Often an administrator will want to start Sauce Connect Proxy as a Windows service. While Sauce Connect is not currently set up to be a Windows service, it can be made to run as one with the help of some external tools. This article describes how to set this up, but note that our example uses a third party tool. We provide this only as an example rather than a supported product from Sauce Labs.
What you will need
- A copy of the latest version of Sauce Connect Proxy from https://docs.saucelabs.com/secure-connections/sauce-connect/
- A Windows Service manager. In the example here we use NSSM.
Steps to Implement
- Download NSSM (http://nssm.cc/download) and extract the
.zip
file. - Open the command prompt as Administrator, then navigate to the NSSM directory via the command line.

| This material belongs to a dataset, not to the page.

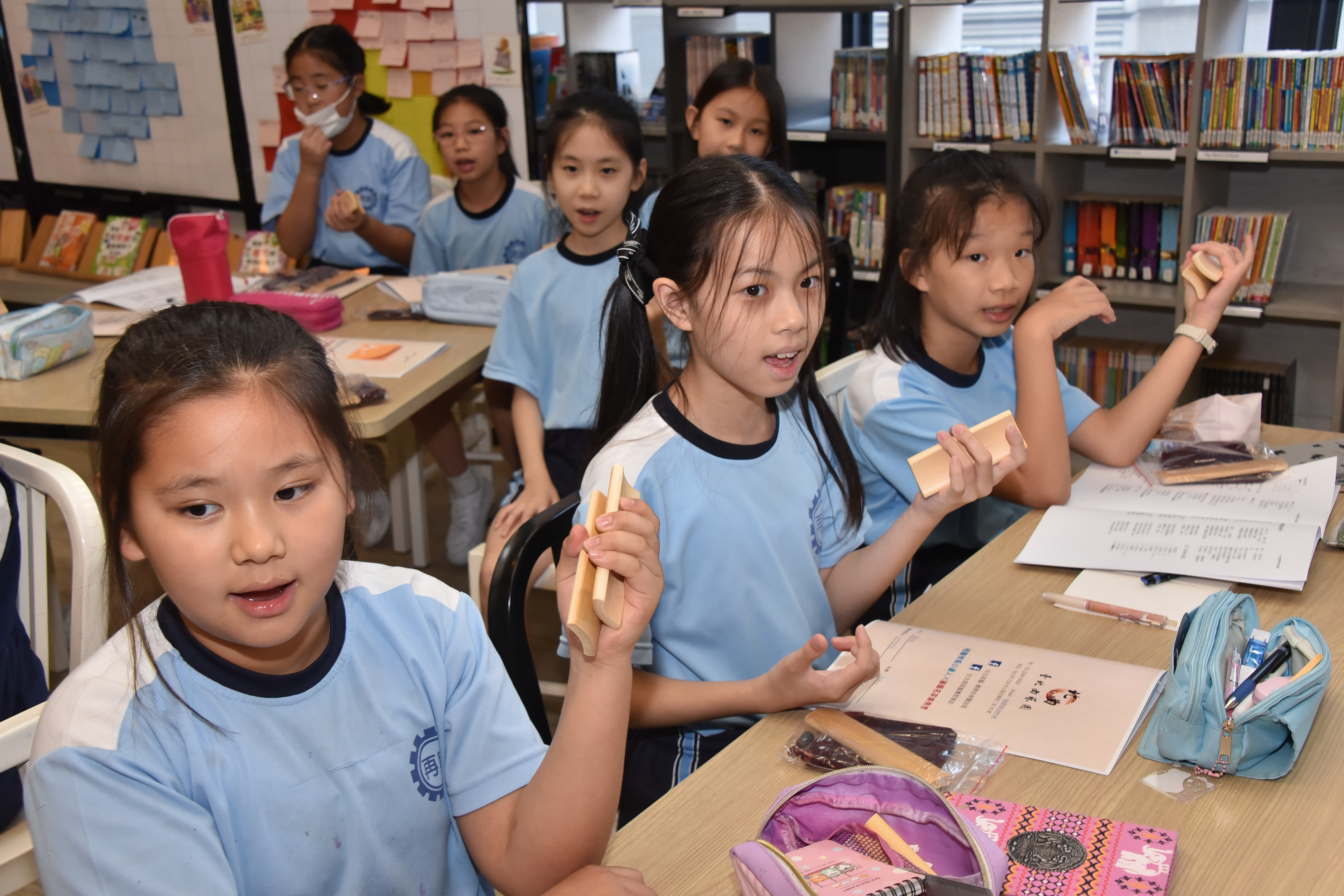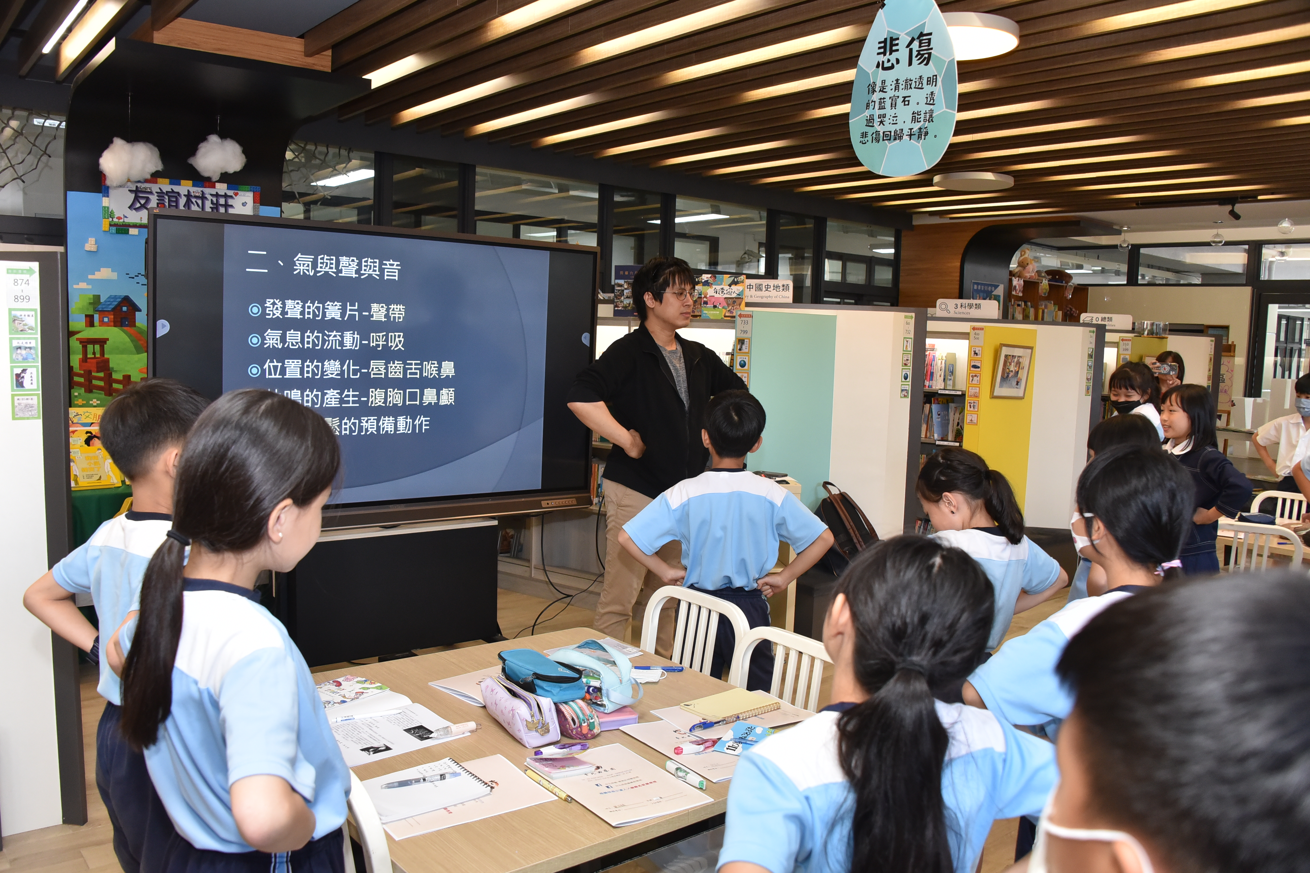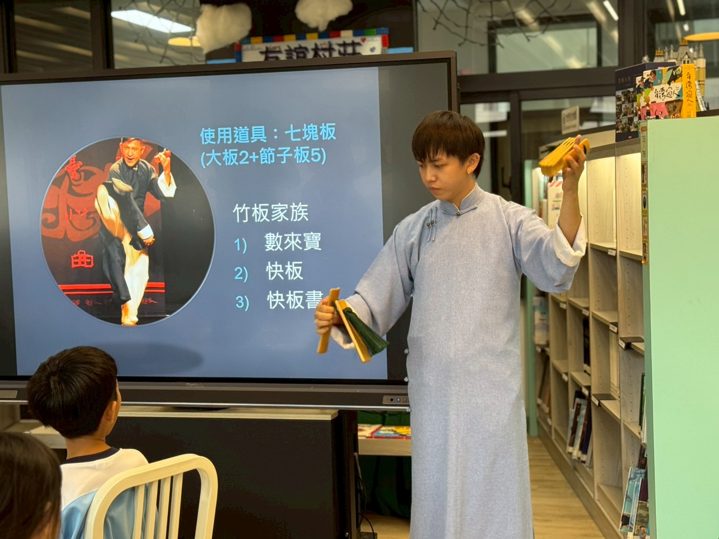 四週的藝術入校活動,每一回都讓學生們徜徉在視覺與聽覺的藝術饗宴中。台北曲藝團的洪子晏老師只要一登場,風趣幽默的言談、豐富的肢體語言,再加上戲感渾然天成的妙語如珠,總讓課堂充滿笑聲,更讓原先以為充滿距離感的傳統說唱藝術,搖身一變成為最新潮又富創意的流行代名詞!當三塊板一上手,架勢一擺,信心馬上加滿油,氣勢瞬間就爆棚!搭配琅琅上口的順口溜,就算是簡單的「一二三四五六七、七六五四三二一」,都瞬間充滿了節奏與韻律感,讓人眼睛一亮、讚不絕口!

- Create the service with this command:
nssm install SauceConnect1 "C:\<path_to_sauceconnect_client>\bin\sc.exe" "-u <username>" "-k <access key>" "--tunnel-identifier TUNNELNAME" "--no-remove-colliding-tunnels" "--pidfile C:\Windows\Temp\pid1.log" "-P 4447"
- Open up the Windows Services Manager and make sure the new services (named
SauceConnect1
) are set to start manually. - Create a batch file (for example
restartSC.bat
) that contains these lines:NET STOP SauceConnect1
sleep 30
NET START SauceConnect1
sleep 30
- Open the Windows Task Scheduler and set it to call
restartSC.bat
once a day or at any other period of time.
Once you've set all these up, the tunnel should restart itself daily at the time of your choosing.